In this exercise, print only the lines from the line with "CORIOOF MELBOURNE, D." to the last line of the data below, inclusive. Any pictures should be left out.

---------- Supplied data

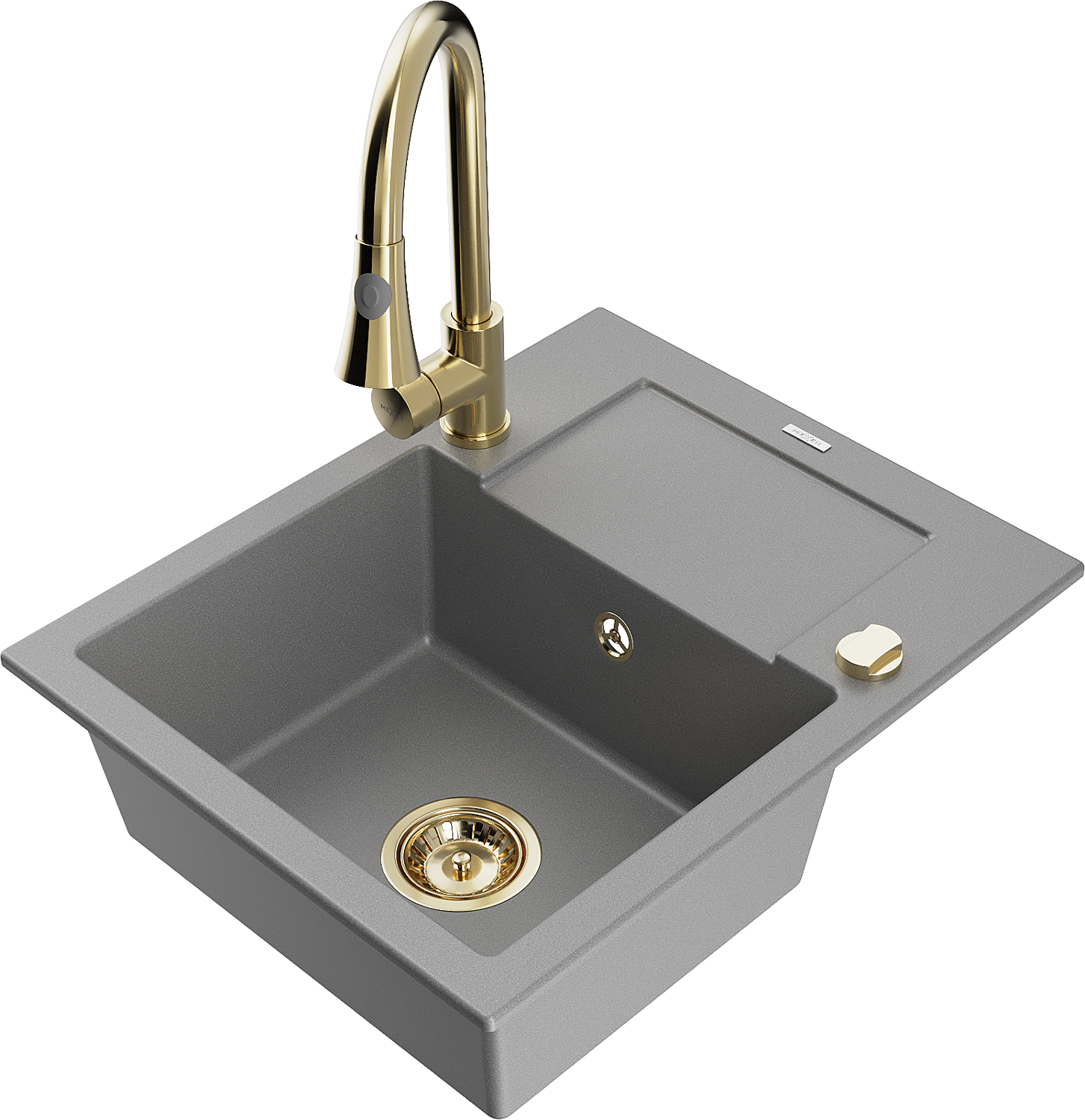 Mexen Enzo évier en granit 1 bac avec égouttoir et robinet de cuisine Elia, gris - 6506-71-670101-50
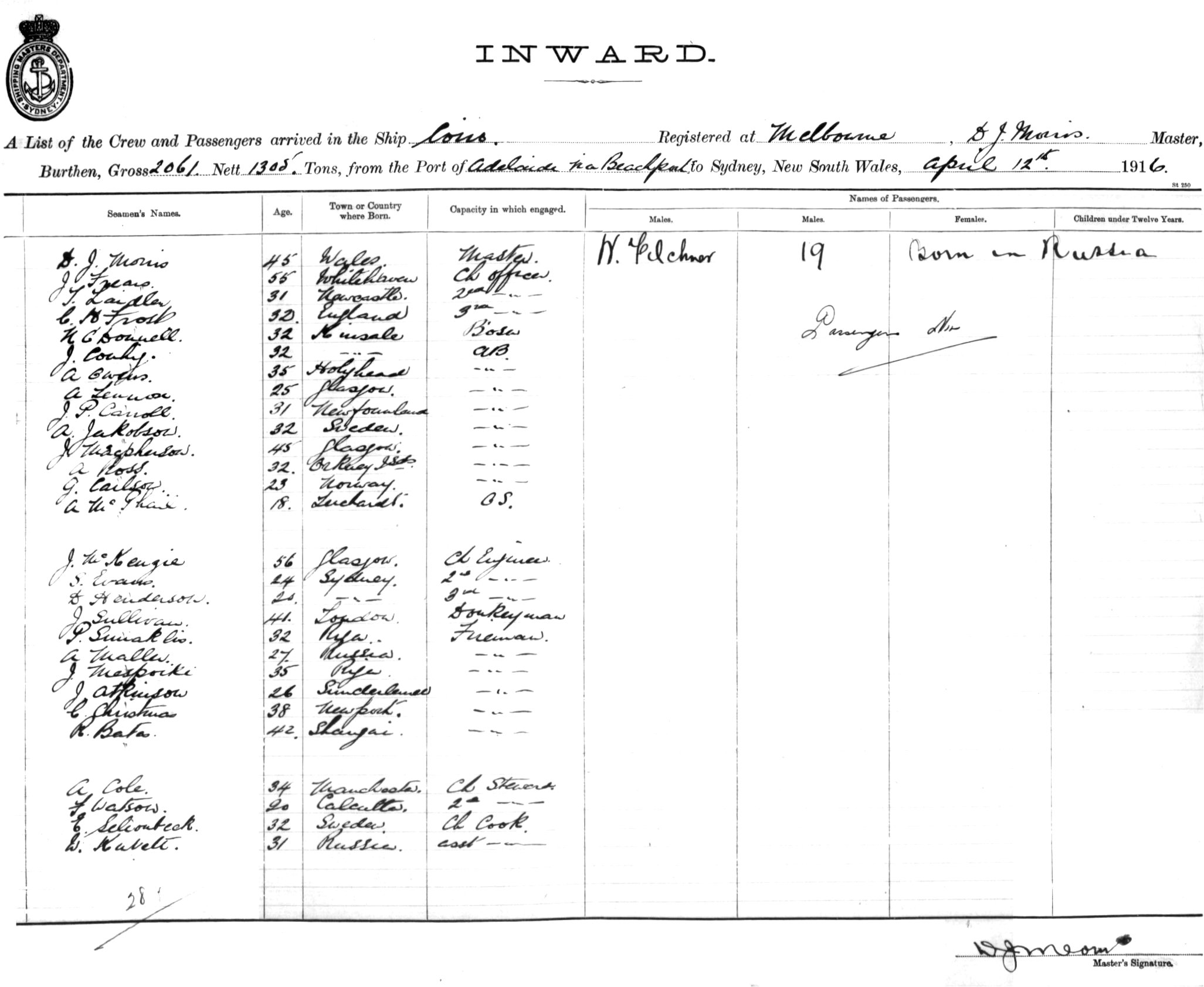 CORIOOF MELBOURNE, D. J. MORRIS, MASTER, BURTHEN 2061/1305 TONS FROM THE PORT OF ADELAIDE via BEACHPORT TO SYDNEY, NEW SOUTH WALES, 12TH APRIL 1916 |
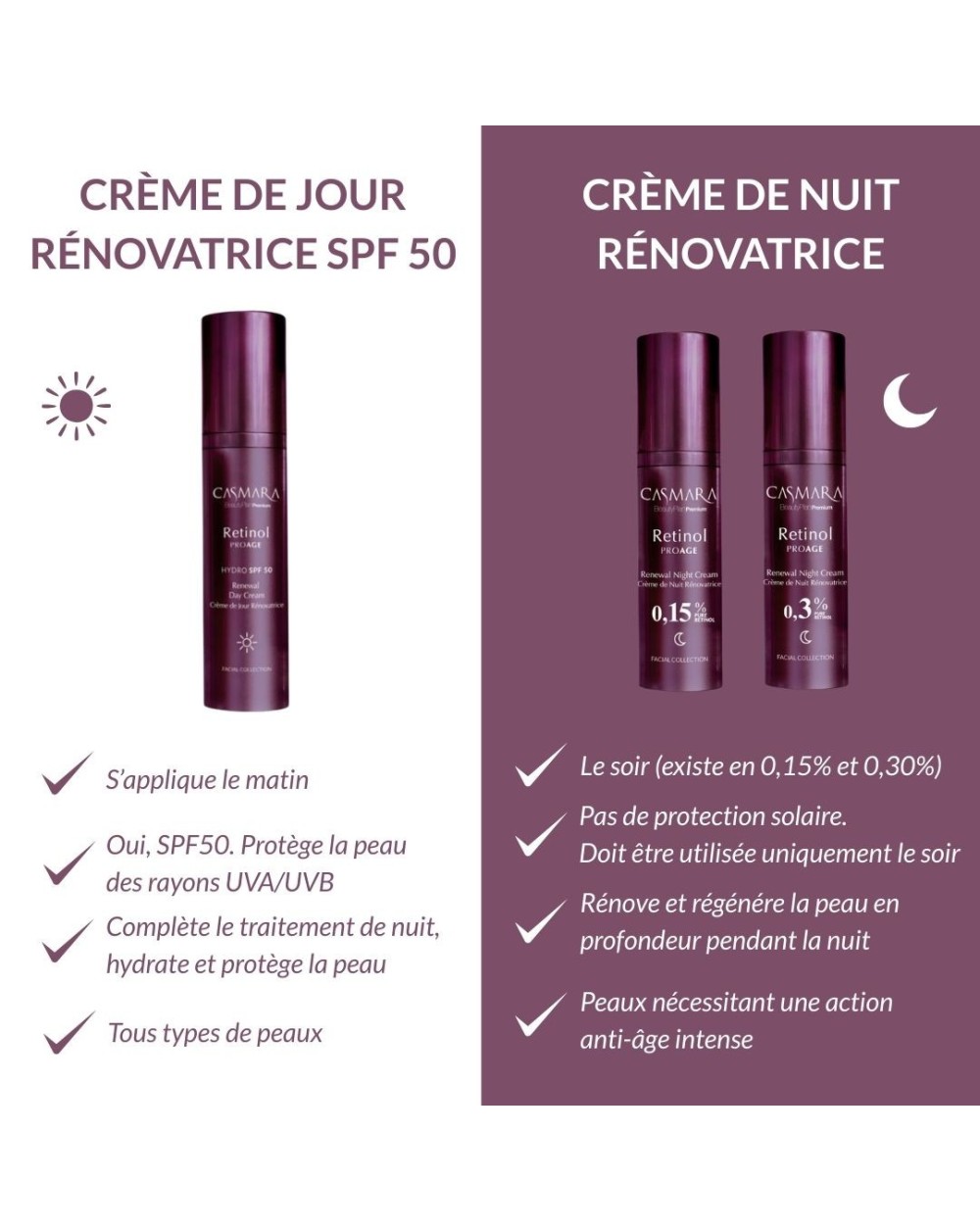 Offre Exclusive : Crème de jour SPF 50 + Crème de nuit 0,15% = Trousse Casmara OFFERTE

--------------------

*Result for this task*.
 CORIOOF MELBOURNE, D. J. MORRIS, MASTER, BURTHEN 2061/1305 TONS FROM THE PORT OF ADELAIDE via BEACHPORT TO SYDNEY, NEW SOUTH WALES, 12TH APRIL 1916 |
 Offre Exclusive : Crème de jour SPF 50 + Crème de nuit 0,15% = Trousse Casmara OFFERTE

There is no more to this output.